18532795. INCREMENTAL PRECISION NETWORKS USING RESIDUAL INFERENCE AND FINE-GRAIN QUANTIZATION simplified abstract (Intel Corporation)
Contents
- 1 INCREMENTAL PRECISION NETWORKS USING RESIDUAL INFERENCE AND FINE-GRAIN QUANTIZATION
- 1.1 Organization Name
- 1.2 Inventor(s)
- 1.3 INCREMENTAL PRECISION NETWORKS USING RESIDUAL INFERENCE AND FINE-GRAIN QUANTIZATION - A simplified explanation of the abstract
- 1.4 Simplified Explanation
- 1.5 Potential Applications
- 1.6 Problems Solved
- 1.7 Benefits
- 1.8 Potential Commercial Applications
- 1.9 Possible Prior Art
- 1.10 Original Abstract Submitted
INCREMENTAL PRECISION NETWORKS USING RESIDUAL INFERENCE AND FINE-GRAIN QUANTIZATION
Organization Name
Inventor(s)
Abhisek Kundu of Bangalore (IN)
NAVEEN Mellempudi of Bangalore (IN)
DHEEVATSA Mudigere of Bangalore (IN)
INCREMENTAL PRECISION NETWORKS USING RESIDUAL INFERENCE AND FINE-GRAIN QUANTIZATION - A simplified explanation of the abstract
This abstract first appeared for US patent application 18532795 titled 'INCREMENTAL PRECISION NETWORKS USING RESIDUAL INFERENCE AND FINE-GRAIN QUANTIZATION
Simplified Explanation
The abstract describes a patent application for a technology that determines scale factors for neural network layers and converts tensor data to a different datatype for processing.
- The technology involves determining per-layer scale factors for tensor data in a neural network model.
- It converts the tensor data from floating point to an 8-bit datatype.
- The converted tensor data is used to generate an output tensor based on the scale factors.
Potential Applications
This technology could be applied in various fields such as image recognition, natural language processing, and autonomous driving systems.
Problems Solved
This technology addresses the challenge of optimizing neural network processing by efficiently converting tensor data to a more compact datatype.
Benefits
The benefits of this technology include improved computational efficiency, reduced memory usage, and potentially faster processing speeds for neural networks.
Potential Commercial Applications
A potential commercial application of this technology could be in the development of edge computing devices for real-time AI applications.
Possible Prior Art
One possible prior art for this technology could be research on optimizing neural network processing through datatype conversion and scaling techniques.
What are the specific operations involved in determining the per-layer scale factor for tensor data?
The specific operations involved in determining the per-layer scale factor for tensor data include analyzing the data distribution within each layer, calculating the appropriate scaling factor based on the distribution, and applying the scale factor to the tensor data.
How does converting tensor data to an 8-bit datatype impact the overall performance of the neural network model?
Converting tensor data to an 8-bit datatype can reduce memory usage and improve computational efficiency by allowing for faster data processing and storage within the neural network model.
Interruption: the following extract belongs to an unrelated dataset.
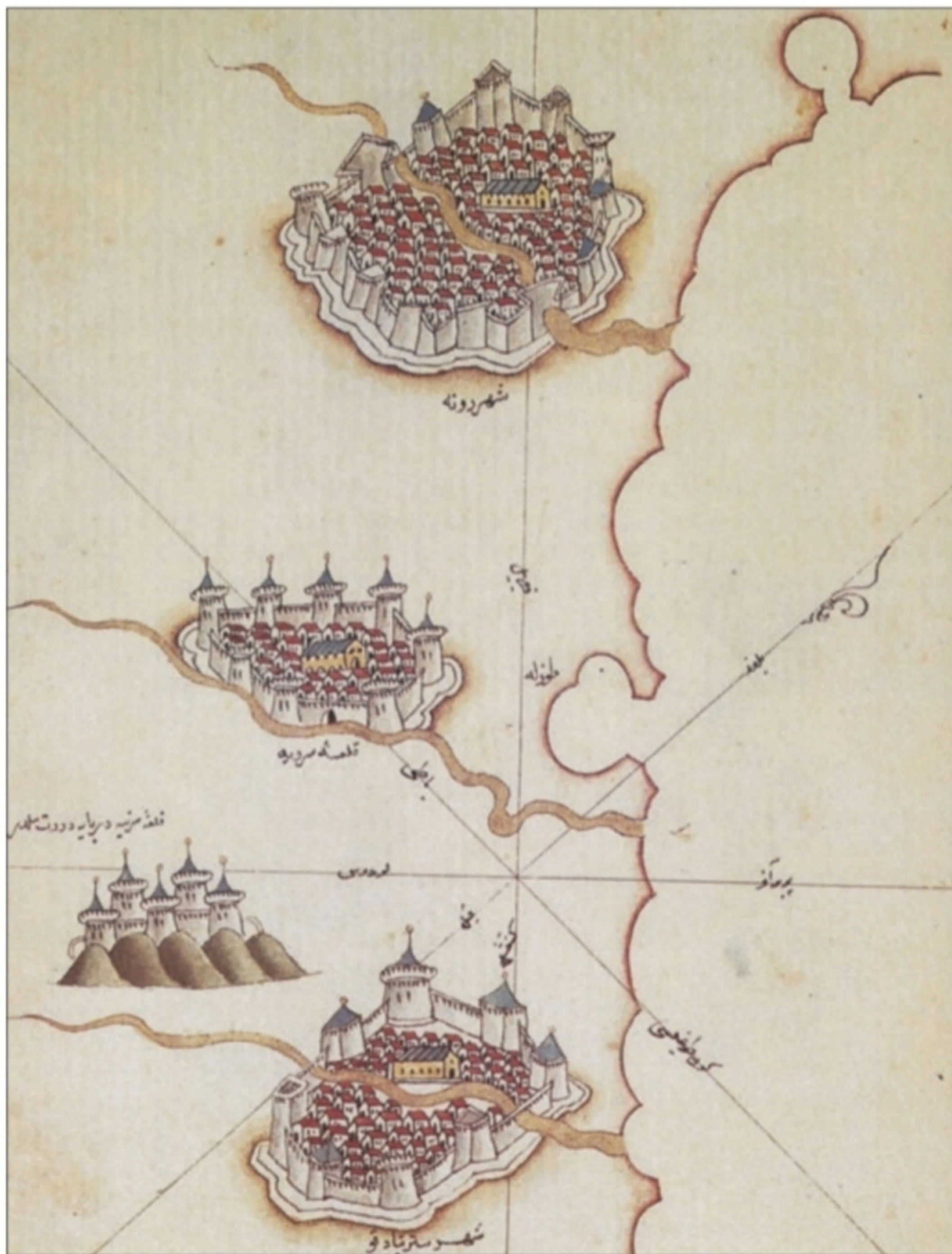
Le città-porto di Ravenna, Cervia, Cesenatico e più all'interno, la città di Cesena (da E. Turri, a cura di, Adriatico mare d'Europa. La cultura e la storia , Arti Grafiche A. Pizzi, Cinisello Balsamo 2000, pp. 152-153)

This optimization can lead to overall performance improvements in terms of speed and resource utilization.
Original Abstract Submitted
One embodiment provides for a computer-readable medium storing instructions that cause one or more processors to perform operations comprising determining a per-layer scale factor to apply to tensor data associated with layers of a neural network model and converting the tensor data to converted tensor data. The tensor data may be converted from a floating point datatype to a second datatype that is an 8-bit datatype. The instructions further cause the one or more processors to generate an output tensor based on the converted tensor data and the per-layer scale factor.